The point is to parse the input into a structure which always upholds the predicates you care about so you don't end up continuously defensively programming in ifs and asserts.
The point is to parse the input into a structure which always upholds the predicates you care about so you don't end up continuously defensively programming in ifs and asserts.
In order to be useful, type systems need to be simple, but there's no such restrictions on rules that govern our expectations of data correctness.
OP is delusional if they think that their approach can be made practical. I mean, what if the expectation from the data that an value is a prime number? -- How are they going to encode this in their type systems? And this is just a trivial example.
There are plenty of useful constraints we routinely expect in message exchanges that aren't possible to implement using even very elaborate type systems. For example, if we want to ensure that all ids in XML nodes are unique. Or that the last digit of SSN is a checksum of the previous digits using some complex formula. I mean, every Web developer worth their salt knows that regular expressions are a bad idea for testing email addresses (which would be an example of parsing), and it's really preferable to validate emails by calling a number of predicates on them.
And, of course, these aren't the only examples: password validation (the annoying part that asks for capital letter, digit, special character? -- I want to see the author implement a parser to parse possible inputs to password field, while also giving helpful error messages s.a. "you forgot to use a digit"). Even though I don't doubt it's possible to do that, the resulting code would be an abomination compared to the code that does the usual stuff, i.e. just checks if a character is in a set of characters.
Instead it's parsing. It takes in a value of one type and returns a value of a different type that is known good. Or it fails. But what it never does is let you continue forward with an invalid value as if it was valid. This is because it's doing more than just validation.
On what grounds did you decide that this is the requirement for validation? That's truly bizarre... Sometimes validating functions return booleans... but there's no general rule that they do.
Anyways, you completely missed the point OP was trying to make. Their idea was to include constraints on data (i.e. to ensure data validity) in the type associated with the data. You've done nothing of the kind: you created a random atomic type with a validation method. Your type isn't even a natural number, you definitely cannot add other natural number to it or to multiply etc...

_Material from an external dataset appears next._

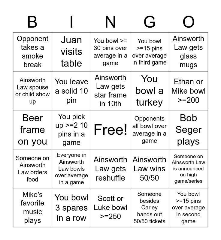 This bingo card has a free space and 40 words: 2 songs by same artist play, Beer frame on you, You pick up a split, You leave a solid 10 pin, You bowl 3 spares in a row, Ainsworth Law gets reshuffle, Ainsworth Law gets star frame in 10th, Ainsworth Law lane jams, Ainsworth Law gets glass mugs, Someone on Ainsworth Law orders food, You pick up >=2 10 pins in a game, You bowl >=15 pins over average in third game, You bowl >=15 pins over average in second game, Bob Seger plays, Opponents all bowl over average in a game, Everyone in Ainsworth Law bowls over average in a game, You bowl >=30 pins under in a game, Opponent takes a smoke break, Luke, Caleb, or Scott get clean game, You bowl >= 30 pins over average in a game, Someone on Ainsworth Law is announced on high game/series, Someone besides Carley hands out 50/50 tickets, You bowl a turkey, Ainsworth Law spouse or child show up, Ainsworth Law gets 4 points, Mayor visits table, REO Speedwagon plays, Alex wins poker, Luke wins poker, Ainsworth Law beans and cheese, Red Hot Chili Peppers play, Mike's favorite music plays, Adjacent table wins 50/50, Ainsworth Law wins 50/50, Ethan or Mike bowl >=200, Scott or Luke bowl >=250, Someone on Ainsworth Law gets a gutter, Caleb, Scott, or Luke miss a 10 pin, Juan visits table and Someone on Ainsworth Law gets 7-10 split.
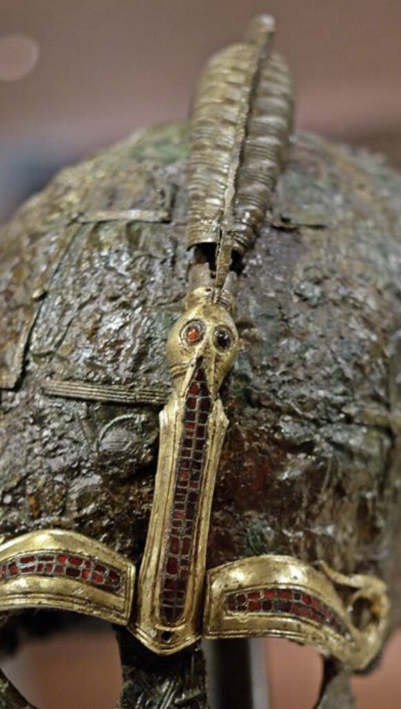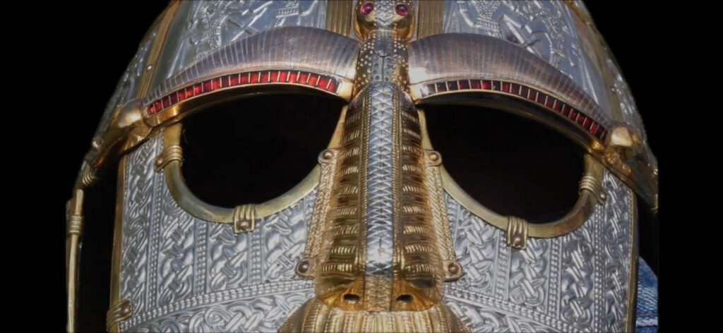 The purse lid of the Sutton Hoo burial features two separate males figures each between two animals, possibly wolves. The figure on the right-side has a gouge mark upon it’s left eye (which is the same side as the helmet) (pg. 528, Mortimer, Price). The whetstone sceptre of the burial features eight faces, one the faces has an alteration to it’s left eye, which has been stricken out and enlarged, making it appear hollow in comparison to the face’s right eye. The whetstone is made of greyscale, a substance which is harder than iron and quite difficult to carve, and therefore no doubt this feature was deliberate (pg.529). As for the garnet-eyes of the animal head terminal in the crest of the Helmet– the left eye is missing a foil, whereas the right eye of the animal head isn’t. (pg.519, 521) Although it’s not as prominent in contrast as the garnets under the helmet’s right-eye it’s interesting to point out that another grave find has a strikingly similar characteristic: the helmet from the Valsgårde grave 7 in Sweden, dated to 620-710 AD– the walu-crest of helmet the proper left eye garnet of the animal terminal above the helmet face is missing a golden foil backing, which expresses the differences between both eyes, along with being of a darker colour garnet making this feature more pronounced, although similar to the Sutton Hoo Helmet (pg.522-523).

Worse yet, you decided to go into a language with subtyping, which completely undermines all of your efforts, even if you were able to construct all of those overloads to make this type behave like a natural number: any other type that you create by inheriting from this class has the liberty to violate all the contracts you might have created in this class, but, through the definition of your language, it would still be valid to say that the subtype thus created is a prime number, even if it implements == in a way that it returns "true" when compared to 8 (only) :D
> Still, perhaps you are skeptical of parseNonEmpty’s name. Is it really parsing anything, or is it merely validating its input and returning a result? While the precise definition of what it means to parse or validate something is debatable, I believe parseNonEmpty is a bona-fide parser (albeit a particularly simple one).
> Consider: what is a parser? Really, a parser is just a function that consumes less-structured input and produces more-structured output.
The OP is saying that a validator is a function which doesn't return anything, whereas parsing is a function which returns data. (Or in other words, validation is when you keep passing around the data in the old type, and parsing is when you pass around a new type). It is true that there is code inside the parser which you can call "validation", but the OP is labeling the function based on its signature. This is made more obvious towards the end of the article:
> Use abstract datatypes to make validators "look like" parsers. Sometimes, making an illegal state truly unrepresentable is just plain impractical given the tools Haskell provides, such as ensuring an integer is in a particular range. In that case, use an abstract newtype with a smart constructor to "fake" a parser from a validator.
They are talking about the interface, not the implementation. They are saying that you should pass around a parsed type, even if it's only wrapping a raw value, because it carries proof that this data has been validated. They are saying that you shouldn't be validating this data in lots of different places.
> It may not be immediately apparent what shotgun parsing has to do with validation—after all, if you do all your validation up front, you mitigate the risk of shotgun parsing. The problem is that validation-based approaches make it extremely difficult or impossible to determine if everything was actually validated up front or if some of those so-called “impossible” cases might actually happen. The entire program must assume that raising an exception anywhere is not only possible, it’s regularly necessary.